Mh, I have to think about this a bit...
Is there any plan to use e.g., post-dominance information to
propagate wrapping flags? If x +nsw y post-dominates the entry block
[and is used in some side-effect instruction] the SCEV could be marked
as non-wrapping, couldn't it? How do you determine if the operation will
poison a side-effect instruction anyway?
[0]: IOW, we don't "key" on the no-wrap tag, we just key on the
arithmetic bits of the operation and mutate SCEV expression in-place
when we discover NUW / NSW.
-- Sanjoy
Cheers,
Johannes
Johannes Doerfert wrote:
> Is there any plan to use e.g., post-dominance information to
> propagate wrapping flags?
None that I'm aware of.
> If x +nsw y post-dominates the entry block
> [and is used in some side-effect instruction] the SCEV could be marked
> as non-wrapping, couldn't it?
Yes, but we have to be careful to account for exceptions, infinitely
looping functions, exit(0) etc. I.e. in
void foo() {
use(x + y);
exit(0);
use(x +nsw y);
}
the nsw in the later x+y cannot be transferred to the former x+y
(assume use is a side effecting use).
> How do you determine if the operation will
> poison a side-effect instruction anyway?
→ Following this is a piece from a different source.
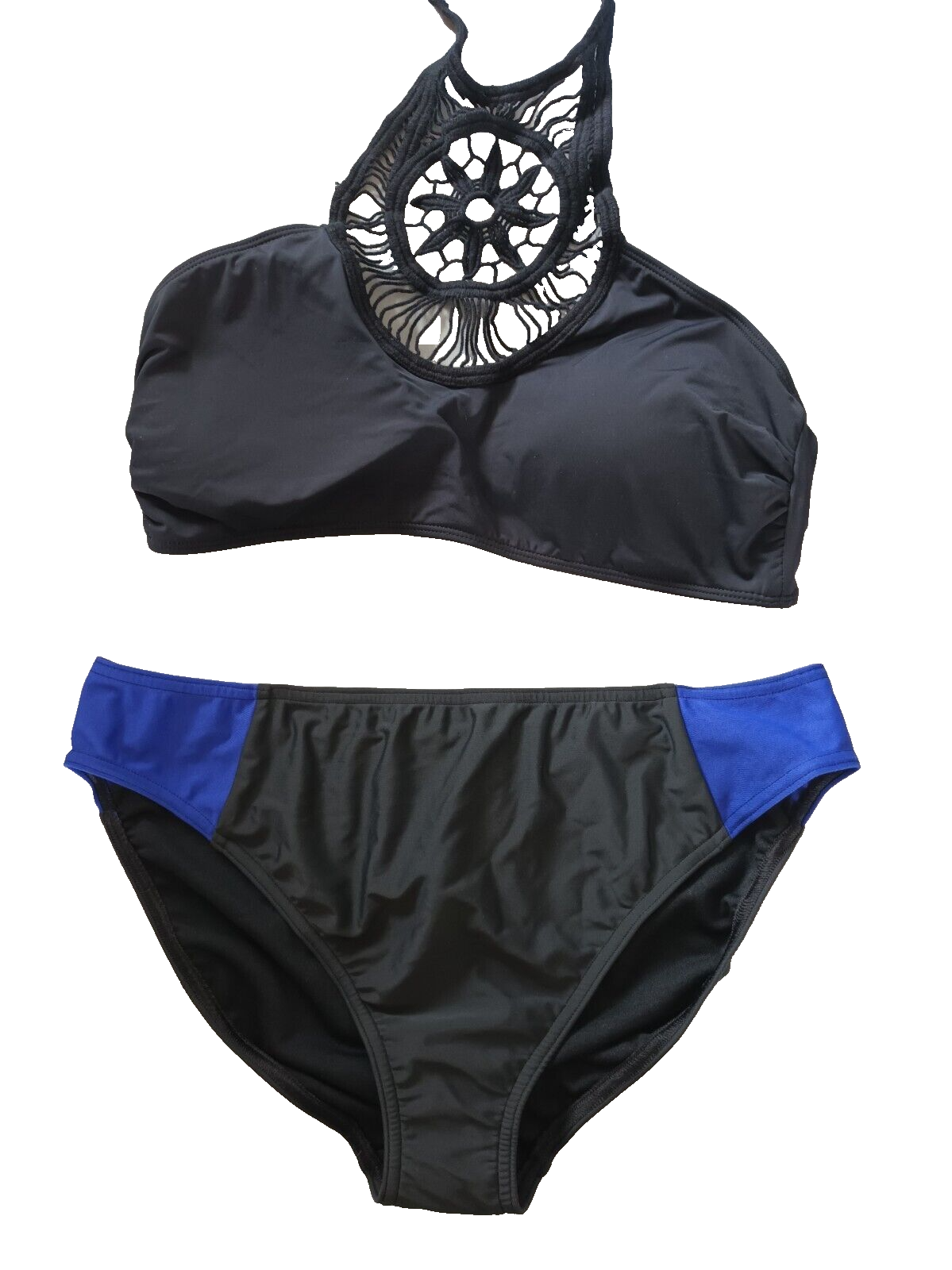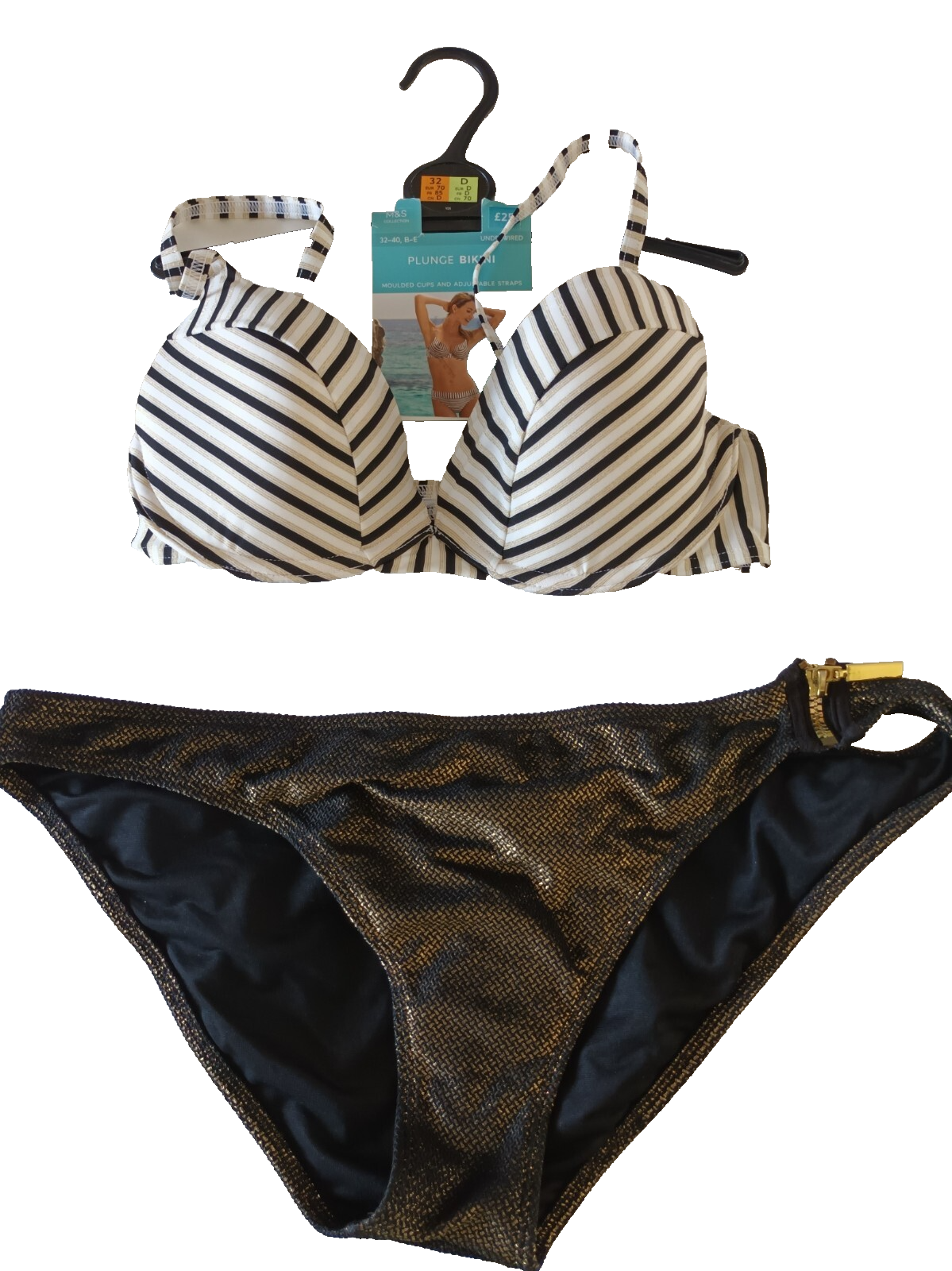 Marks & Spencer/River Island UK 32D Black Mix U/W Padded Plunge Bikini Set

SCEV uses llvm::isKnownNotFullPoison for this.
-- Sanjoy
Hi Johannes,
Sanjoy has given you great information already.
Hi Bjarke,
Thanks for your response. I agree that Sanjoy's email already answered
my question. To be honest, I am not 100% sure about the loop code and
the consequences but that doesn't matter to much at the moment. What
matters is that I have made progress on explaining the mismatch between
the ScalarEvolution results and what I would have expected, or better,
liked. At the moment I think that the context in-sensitivity of
ScalarEvolution is what is preventing me from the results I would like
to see. Therefor, I have to look at the IR during Polly's context
sensitive analysis/modeling step. As our "context" includes information
about possibly "non-returning function calls", infinite loops, etc. I
think that should allow to get precise but also sound results.
Thank you both again,
Johannes
Replace context with flow in the last mail... sry.